In our law firm’s 20-year history we’ve seen some bizarre workers’ compensation claims, but this one might just take the cake. It's through-the-looking-glass procedural history began when, in September 2021, 16-year-old Romny Sanchez joined his uncle, Leonel Yanez, on a job providing remediation services to victims of Hurricane Ida in Louisiana. Both men were injured while riding as passengers in a van driven by Joe Saavedra, who fell asleep and crashed into a light pole. Saavedra was an employee of All Repair and Restoration, LLC, and Sanchez and Yanez filed a personal injury suit against All Repair in Harris County district court alleging everything but the kitchen sink -- asserting claims for negligence, vicarious liability, fraud, civil conspiracy, gross negligence, intentional infliction of emotional distress, and violations of the Fair Labor Standards Act and the Texas Payday Act. All Repair asserted the affirmative defense that Sanchez and Yanez were its employees and their exclusive remedy is workers’ compensation benefits under All Repair’s policy with National Casualty Company. 

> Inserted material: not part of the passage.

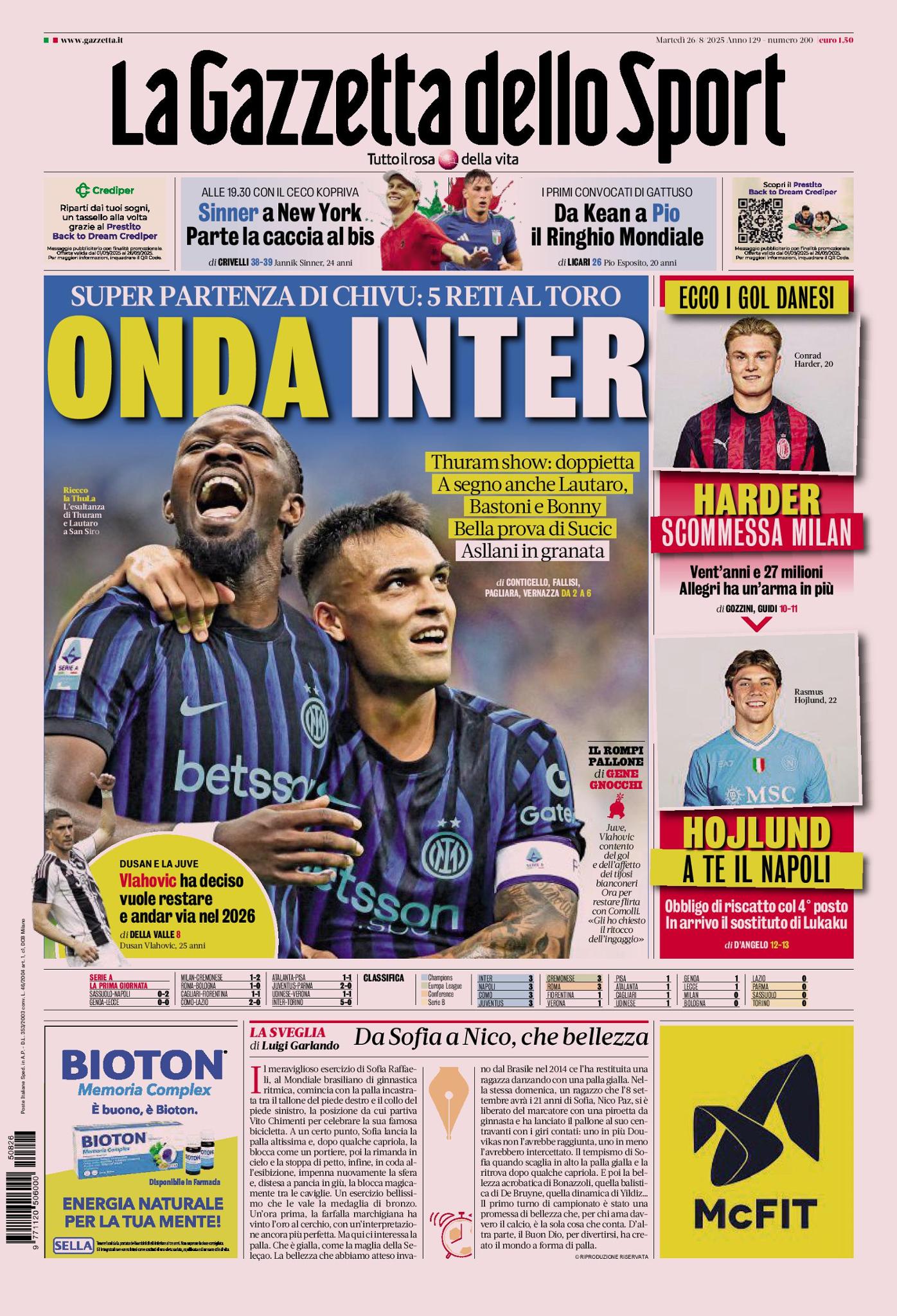 Spazio, poi, al calciomercato, visto che entriamo nell'ultima settimana. Dušan Vlahović ha deciso di restare alla Juventus e di andare via nel 2026. Il Milan, dunque, per il suo attacco investe 27 milioni di euro sul 20enne danese Conrad Harder: una scommessa per Massimiliano Allegri.

Sanchez and Yanez disputed that they were All Repair’s employees, so National, represented by this firm, initiated dispute resolution proceedings at the TDI-DWC to determine their employment status. Even though the facts were largely the same for both men, the Division refused National’s request to hear the cases together. Instead, it insisted on conducting two separate contested case hearings by two different ALJs. And, as could be predicted, the ALJs reached different conclusions. The ALJ presiding over Yanez’ case concluded that he was All Repair’s employee, but the ALJ presiding over Sanchez’ case concluded that he was not All Repair’s employee. All Repair then filed a petition for judicial review of the decision regarding Sanchez. 

At Sanchez’ request, and over the objections of National and All Repair, Judge Phillips consolidated the two actions and denied a motion to abate the personal injury action pending resolution of the judicial review action. National and All Repair then took the extraordinary step of filing a petition for writ of mandamus with the court of appeals. 

The court of appeals found that Judge Phillips abused her discretion on both counts. It directed her to vacate her order of consolidation because, among other things, “a vast portion of the evidence to be expected in the personal injury suit is likely to be inadmissible in the judicial review suit due to the limited nature of the proceeding.” It also directed her to abate the personal injury suit pending the outcome of the petition for judicial review, citing its prior decisions in In re Tyler Asphalt & Gravel Co. and In re Luby’s Cafeterias, Inc. which hold that abatement is required under such circumstances.